- EXERCISE OBJECTIVE:
Look at each line of the records and count those with "Komplex" in them. Please answer with the count alone.
####
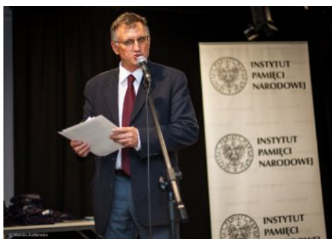
Uroczysta gala konkursu „O Naszą Niepodległą!” - Warszawa, 3 czerwca 2018.
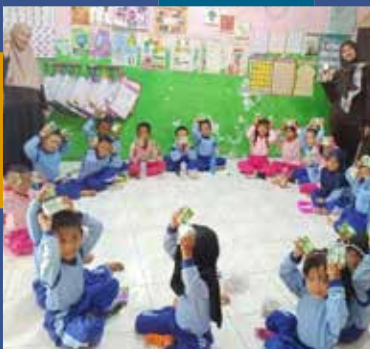
PAUD Bawal Bawal Pre-Schools
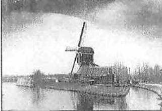
DE BONREPASSER MOLEN IN VLISST IS SINDS KORT NIET MEER IN GEBRUIK. DESONDANKS IS DE MOLEN NOG IN STAAT OM DE MODERNE GEMALEN 'BIJTE STAAN'.
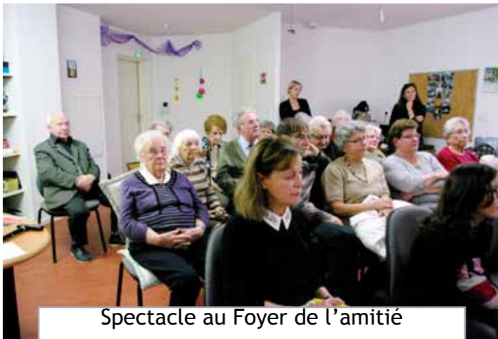
Spectacle au Foyer de l'amitié
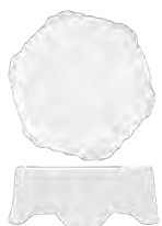
PEANA 20x7 cm Ref: 5429548 12/ M: 200x70 mm 12,50€
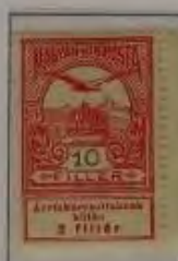
10 Filler karminrot
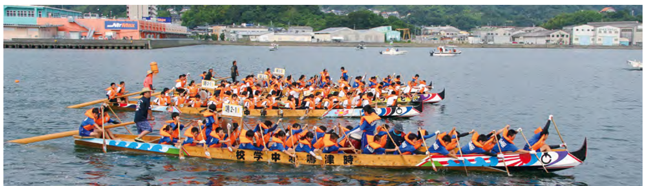
第33回 時津町中学生ペーロン大会
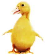
BOBOC DE RAȚĂ
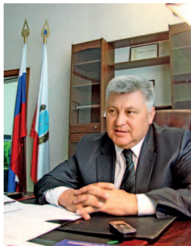
Игорь Потапов. Министр экологии и природных ресурсов области
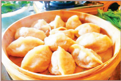
认一力牛羊肉蒸饺
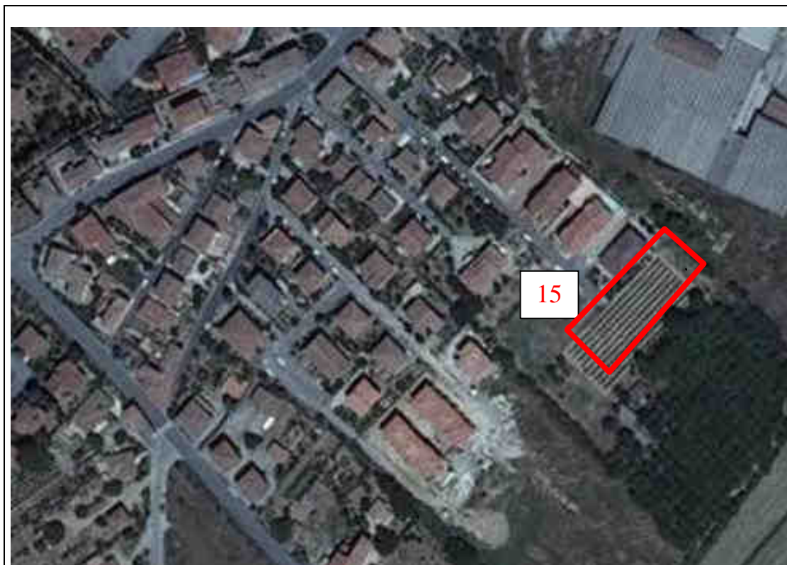
FOTO AEREA CON INDIVIDUAZIONE DELL'AREA INTERESSATA
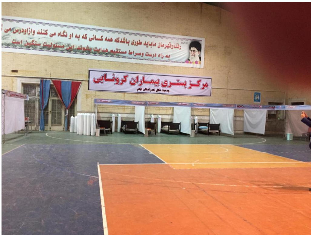
شکل شماره ۷- فضای کلی نمونه ای از واحد بستری اولیه
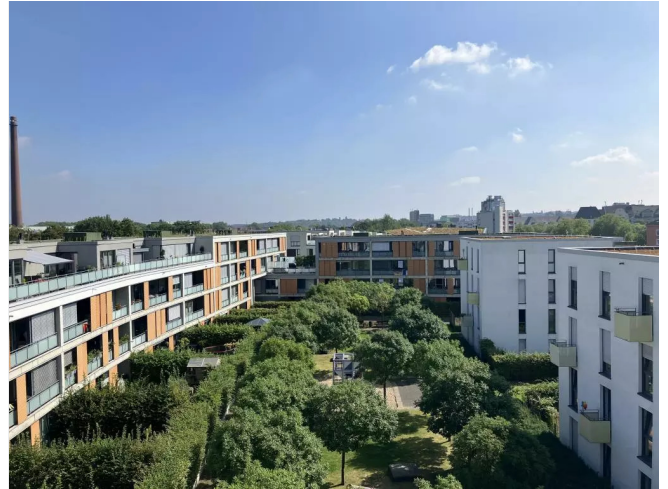
Ausblick Pier 78
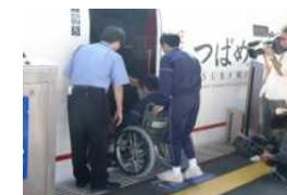
車椅子サポート体験
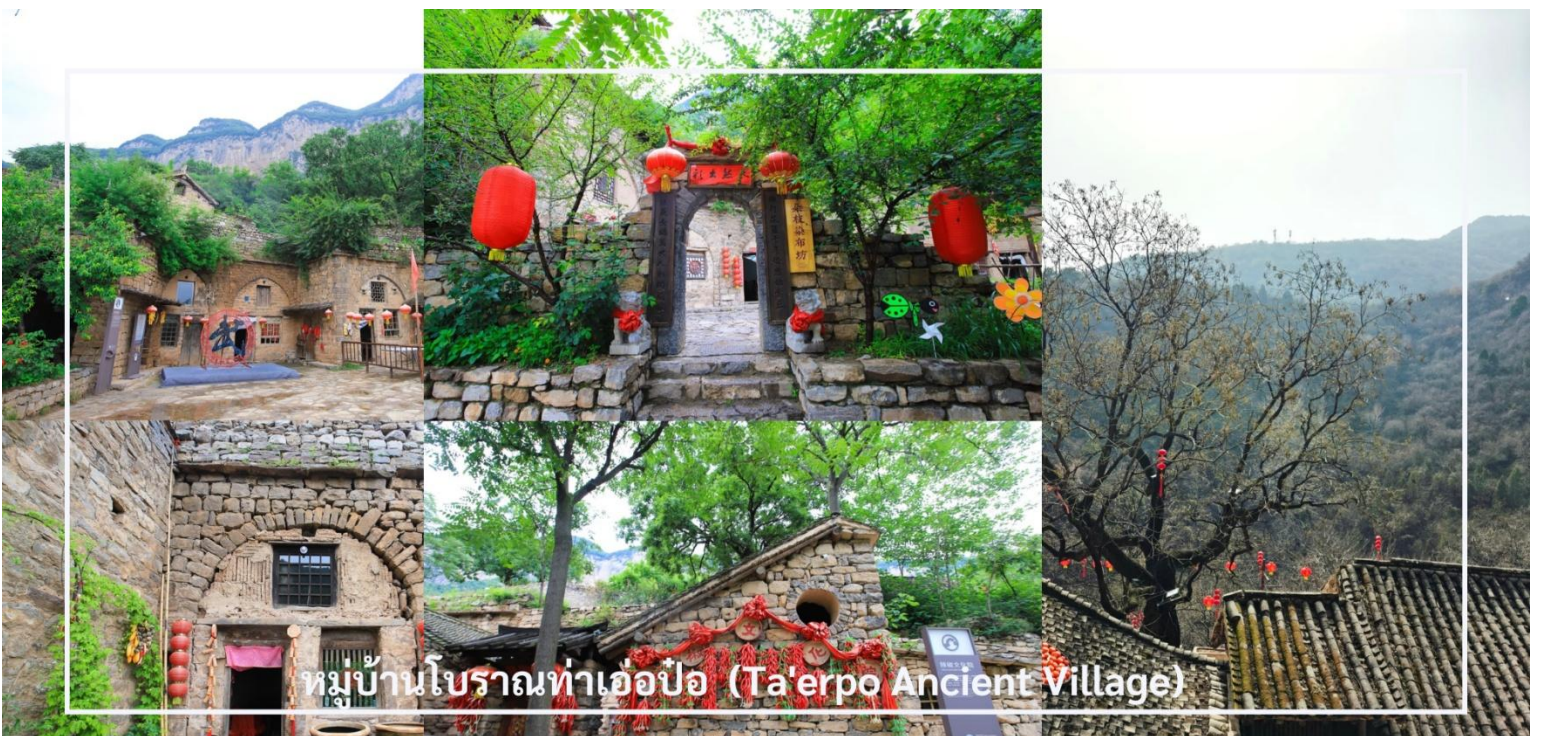
หมู่บ้านโบราณท่าเอ๋อเป้อ (Ta'erpo Ancient Village)

อิสระให้ท่านเดินชมถนนหินภายในหมู่บ้าน ชมบ้านเก่าแก่ที่ยังคงเอกลักษณ์แบบดั้งเดิม แวะถ่ายภาพตามมุมต่าง ๆ และลองชิมขนมพื้นเมืองที่ทำสดใหม่ เช่น เต้าฮู้ร้อน ๆ รวมถึงแวะถ่ายรูปกับประติมากรรมโบราณ ซึ่งเป็นอีกหนึ่งมุมสวยของหมู่บ้านแห่งนี้
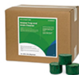
グリーストラップ&ドレインクリーナー
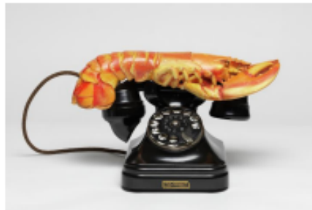
Lobster Telephone (1938) - Salvador Dalí
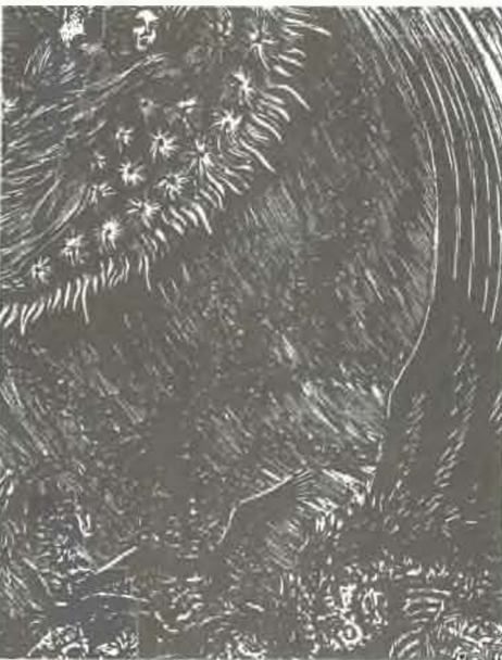
Gy. Szabó Béla János: Jelenések (1977.)

Alszik a szív és alszik a szívben az aggodalom, alszik a pókháló közelében a légy a falon, caönd van a házban, az éber egér se kapargál, alszik a kert, a faág, a fatörzsben a harkály, kasban a méh, rózsában a rózsabogár, alszik a pergő búzaszemekben a nyár, alszik a holdban a láng, hideg érem az égen, fölkel az ősz és lopni lopakszik az éjben.
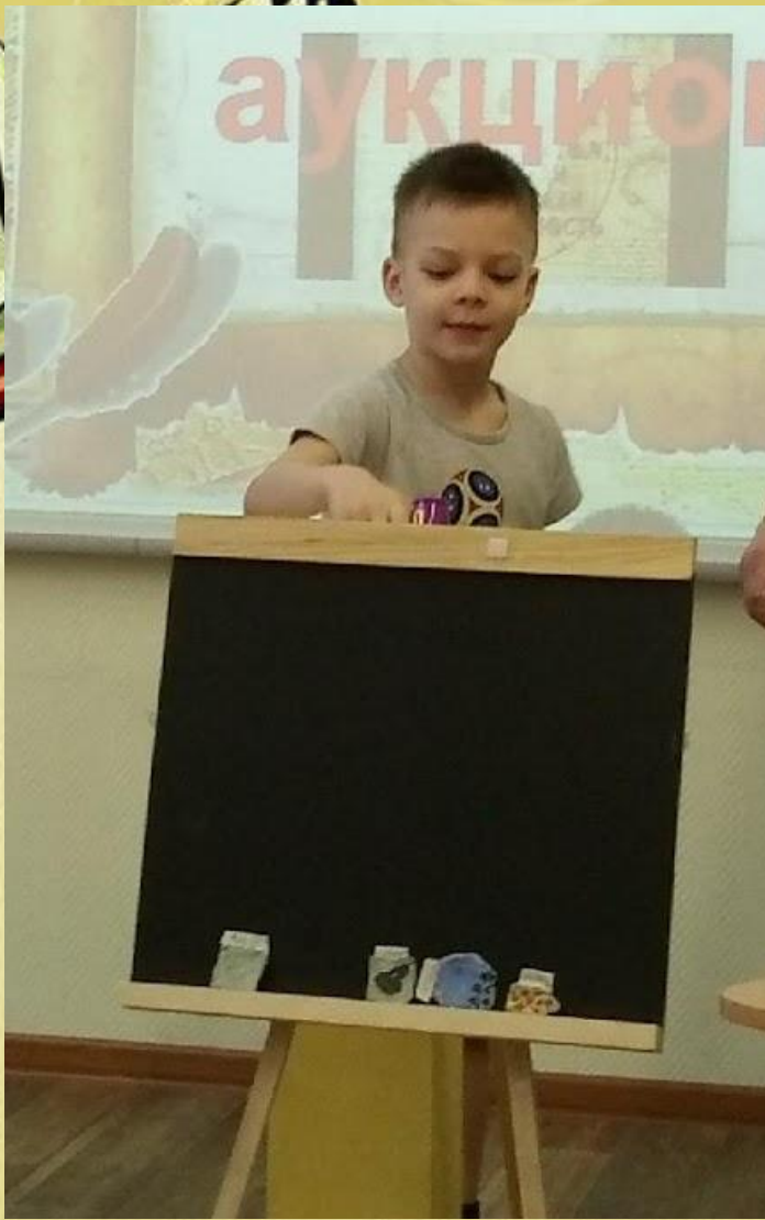
Первый лот выставлен. Аукционист озвучивает цену.
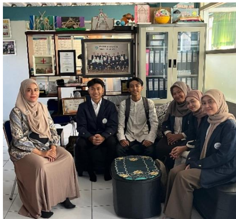
Gambar 1. Observasi Sekolah
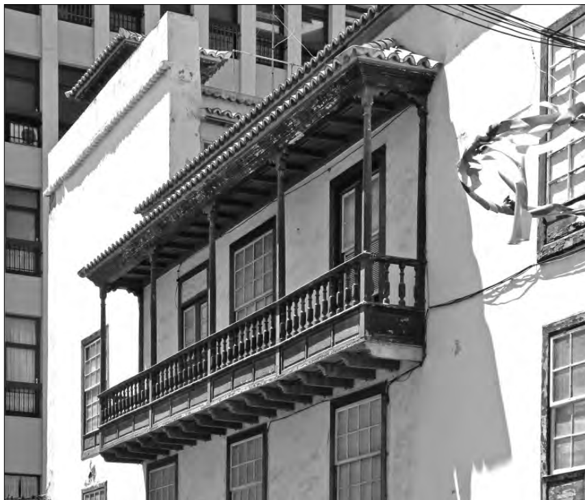
FIGURA 1: Balcón en la calle Álvarez Abreu en Santa Cruz de La Palma

cía, de donde sostiene que paralelamente llegaron a Cuba y Canarias. Pero esto es insostenible, pues los ejemplares cubanos son más tardíos que los canarios y guardan una evidente relación con los del norte de la Península y, en consecuencia, con los de Canarias» 35 .
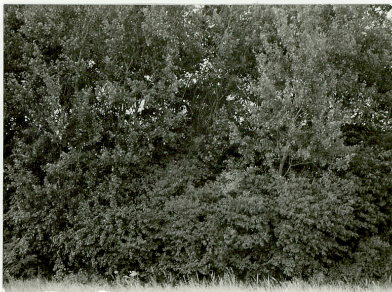
Fot. 2. Widok wnętrza cmentarza.
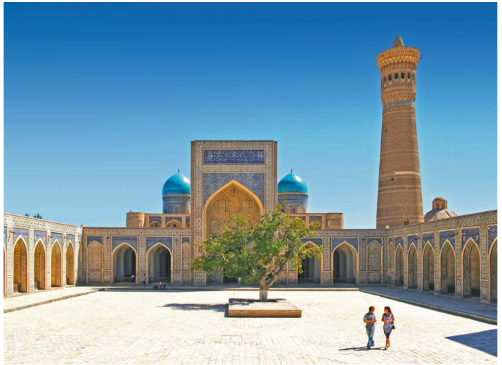
Im Poi-Kalon Komplex in Bukhara

Die Handelsstadt an der Seidenstraße hat noch viel mehr zu bieten! Mitten im Zentrum lockt das prächtige Gebäudeensemble Poi Kalon. Mit 46 Metern Höhe ist das Kalon-Minarett als Wahrzeichen der Stadt weithin zu sehen, auch die Kalon-Moschee und zwei Koranschulen gehören zum berühmten Komplex. Vorbei an der sehenswerten Ulugbek-Madrasa führt der Stadtspaziergang durch das historische Zentrum von Buchara zu den drei traditionellen, überkuppelten Basarbauten aus dem 16. Jahrhundert Toqi Sarrofon,
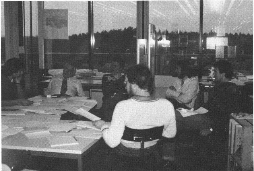
Abb. 2: Die Arbeitsweise: Kolloquium mit Präsentation der Zwischenresultate durch die Studenten und Diskussion mit der Übungsleitung (Bild: M. Aebli).

Durch die Arbeit in einer Übungsgemeinde ergeben sich sehr viele fruchtbare Kontakte mit Praktikern, was aus der Situation des Assistenten sehr zu begrüssen ist. Der Ausbau dieser Kontaktmöglichkeit z.B. durch gemeinsame Veranstaltungen mit der Praxis sollte gefördert werden.
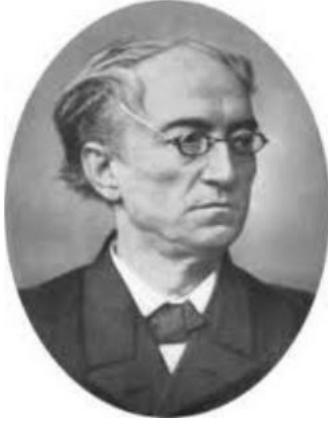
FYODR TYUTÇEV (1803-1873)
####
- RESULT OF THE EXERCISE:
2